Template Learning: Deep Learning with Domain Randomization for Particle Picking in Cryo-Electron Tomography
- IMOD (we tested with v 4.11.15, but we believe that any version should be compatible)
- Conda (miniconda should be fine)
- Cuda (we tested with 10.2 and 11.4, if you manage to install Eman2 and Parakeet you should be fine)
Make sure you have IMOD and Cuda executables in your path
which newstack tilt trimvol
which nvcc
clone and install the package
git clone https://github.com/MohamadHarastani/TemplateLearning.git
conda env create -f environment.yml
The following command usually installs everything. If you face any problem, install step by step as follows
conda update --all
conda install mamba -c conda-forge
mamba create -y -n TemplateLearning python=3.9 eman-dev==2.99.47 -c cryoem -c conda-forge
conda activate TemplateLearning
pip install ProDy==2.4.1 mrcfile==1.4.3 scikit-image==0.21.0 pyfftw==0.13.1 python-parakeet==0.4.5 h5py==3.8.0
- Replace the templates (in PDB or CIF format) in the directory "templates" with templates for your molecule. The current templates are nucleosomes.
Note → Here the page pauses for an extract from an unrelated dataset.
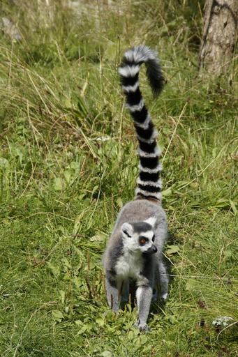 Keywords: ring tailed lemur prosimian lemur catta lemur striped animal mammal ringed tail zoo meadow black and white catta madagascar

- If you wish to simulate additional conformational variability (recommended), use steps 1 and 2. Otherwise, skip to step 3
conda activate TemplateLearning
python step1_NmaCalculate.py # with default values, should take a few seconds for small templates (~200 kDa), up to a few hours for huge templates (~2 MDa)
python step2_DeformTemplates.py # with default values, should not take more than a few minutes
Validation: see the output of step 2 by opening some simulated structures in the folder "templates"
- Create volumes from your templates and distractors using step 3
python step3_CreateVolumes.py # with default values should take ~ 10 minutes
Validation: see the output of step 3 by opening some volumes in the folder "volumes", especially those for your templates.
- Create dense distribution of your volume. This algorithm "Tetris" generates dense distributions placing your templates and distractors very close to each other
python step4_CreateTetris.py # with default values should take ~ 1 hour 15 minutes to create 48 simulated volumes (on a basic CPU)
Validation: see the output of step 4 by opening some tetris volumes in the folder "tetrises", make sure you can see your template in between the distractors. Also, make sure the tetris looks dense!
- Start the simulation of the data using the physics simulator (Parakeet)
python step5_SimulateData.py >> log.txt # Depending on the speed of your GPU, on a single GPU, this step will take around 17 hours with default values. If you have multiple GPUs, the time will be reduce linearly
Validation: during the simulation, you will get an estimate on how much time remaining after the first iteration. After one iteration is done, you can open the simulated tiltseries with IMOD. The image called 'optics.h5' is very handy to visualize, as it is not too noisy. If it looks empty, you may need to reload the image to see it (IMOD>Edit>Image>Reload>Calc&Apply). It should be simular to the tetris (but tilt series version with defocus) but with a sampling of 1 A/pix. If it doesn't correspond to a tetris, then probably there is a mistake in setting the sizes. Otherwise, sit back and relax!
- Extract what you need to train your model
python BinReorderReconstruct.py # should take a few minutes
Validation: look at the folder called "results". It should have tomograms, segmentation maps and coordinates that can be used to train deeplearning models.
- To use deepfinder in the easiest way, use the Scipion workflow (DeepFinder_Scipion.json) attached to the project. Open Scipion, Project -> Import workflow and just populate the protocols with your simulated and expiremental data!
Enjoy, and for any question open a ticket!